The SendHeartbeat writes a packet every 30 seconds to the TCP server
func (t *TcpConnector) SendHeartbeat() {
ticker := time.NewTicker(30 * time.Second)
defer ticker.Stop()
for x := range ticker.C {
messageHeader, err := getMessageHeaderInBytes(129, 0, 0, t.AppState.Config.Username)
if err != nil {
t.AppState.Log.Errorf("Error Converting heartbeat request data to bytes: %+v, with seconds: %s", err, x)
return
}
t.DataChannel <- messageHeader
}
}
This sends byte data over on a channel and is recieved by the t.Write()
function. There are many other functions which write to this channel which is taken over by the Write()
function
func (t *TcpConnector) Write(wg *sync.WaitGroup) {
for {
select {
case data := <-t.DataChannel:
_, err := t.Conn.Write(data)
if err != nil {
t.AppState.Log.Errorf("Error Sending byte data to TCP server: %+v", err)
t.Conn.Close()
wg.Done()
}
}
}
}
As you can see , what i do here is that on error - i return wg.done
which unblocks the Connect()
function and this proceeds with reconnecting to the server.

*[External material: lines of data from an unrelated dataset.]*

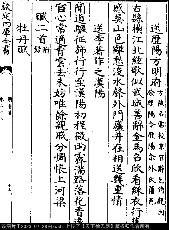 送李著作之汉阳 五代至宋初 · 徐铉 五言律诗 押阳韵 闻道驱征旆,行行至汉阳。 初程微雨霁,满路落花香。 远宦心常适,青云去未妨。 惟馀亲戚分,惆怅上河梁(以上《徐公文集》卷二二)。 出处:《騎省集-宋-徐鉉》卷二十二(第 13a - 13b 頁)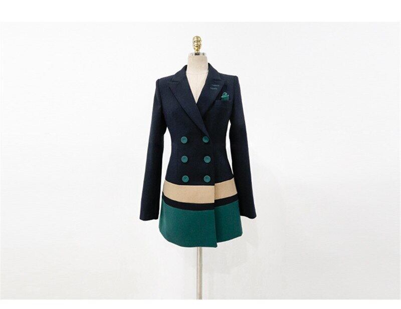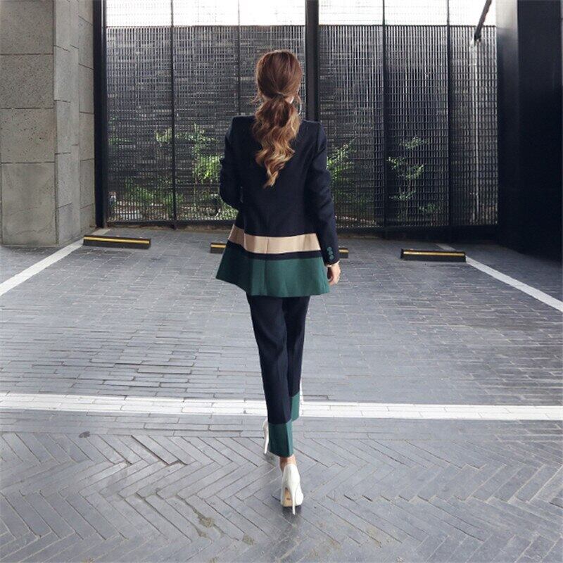 【新作】【送料無料】 2018 WomenTwo Pieces Set Vintage Slim Patchwork Green Long Blazer + Ankle-Length Pant Suits Double Breasted Loose Outfits ロング スリム グリーン ビンテージ 12b184912365718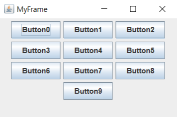 1번 문제를 참고하여 GridLayout을 사용하여 다음과 같은 화면이 나오게끔 프로그램을 작성하라.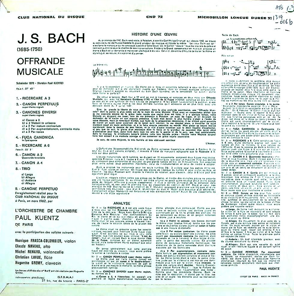 商品コード:1319-016b[CLUB NATIONAL] P.キュンツ指揮/ バッハ:音楽の捧げ物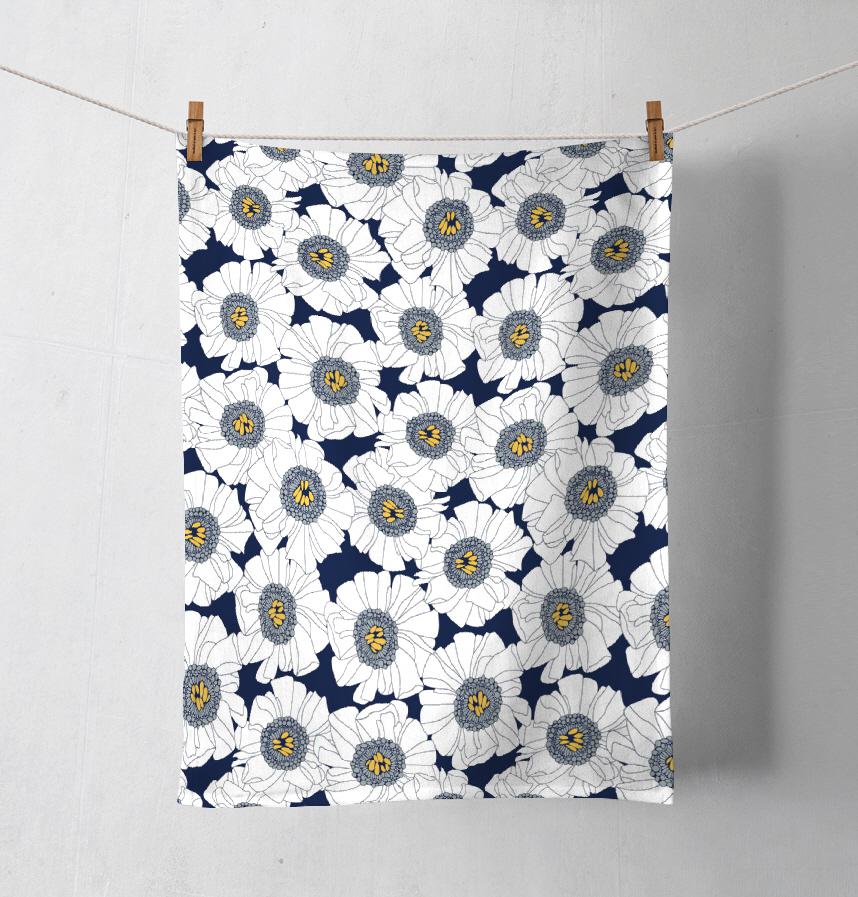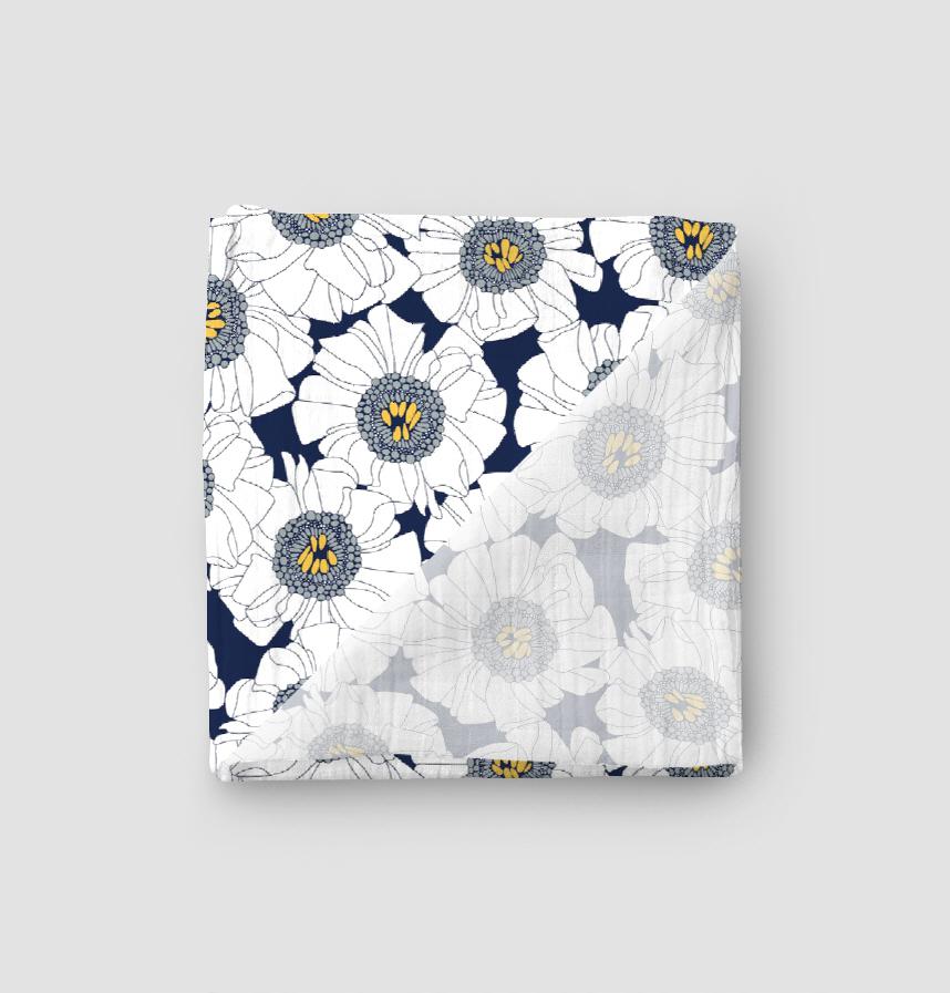 Design infomation Blooming daisy on navy with hint of golden yellow
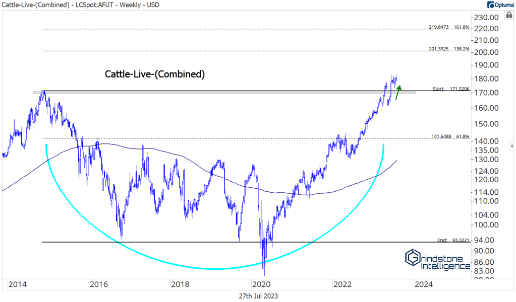 Cattle prices continue to break out, too. A move to $200 isn’t out of the question.
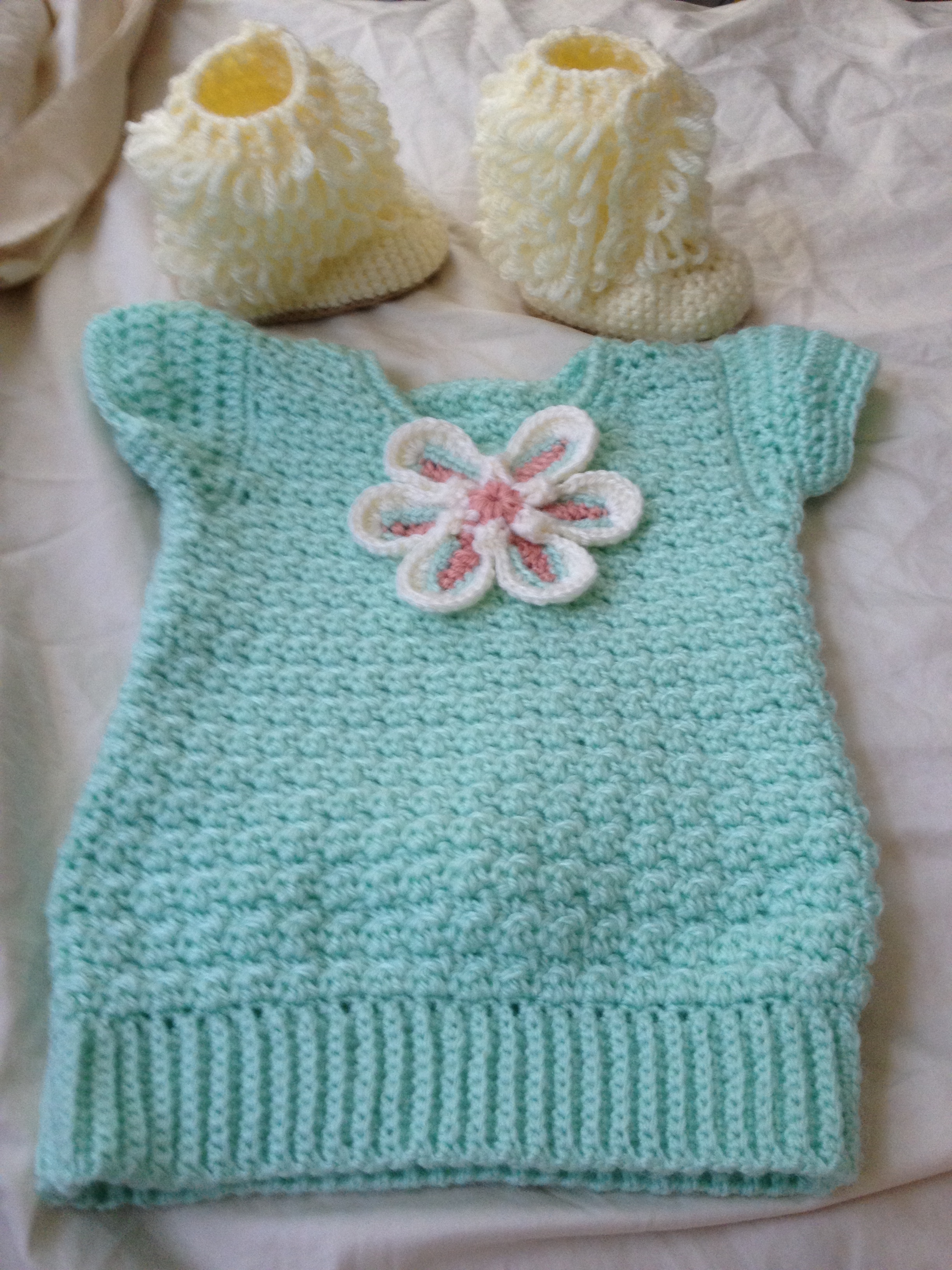 A tunic and furry boots I made for one of my friends who is about to have a baby girl. I gave her some pink leggings to go with it too.

Sometimes , the TCP socket gets closed and the Write function errors out. But since there are multiple goroutines invoking the Write()
function on a parallel - all of them error out and i get the below error
panic: sync: negative WaitGroup counter
I understand this is caused because the Write()
function calls Wg.Done()
multiple times on erroring out (because multiple goroutines invoke it)
Is there a better way i can handle this?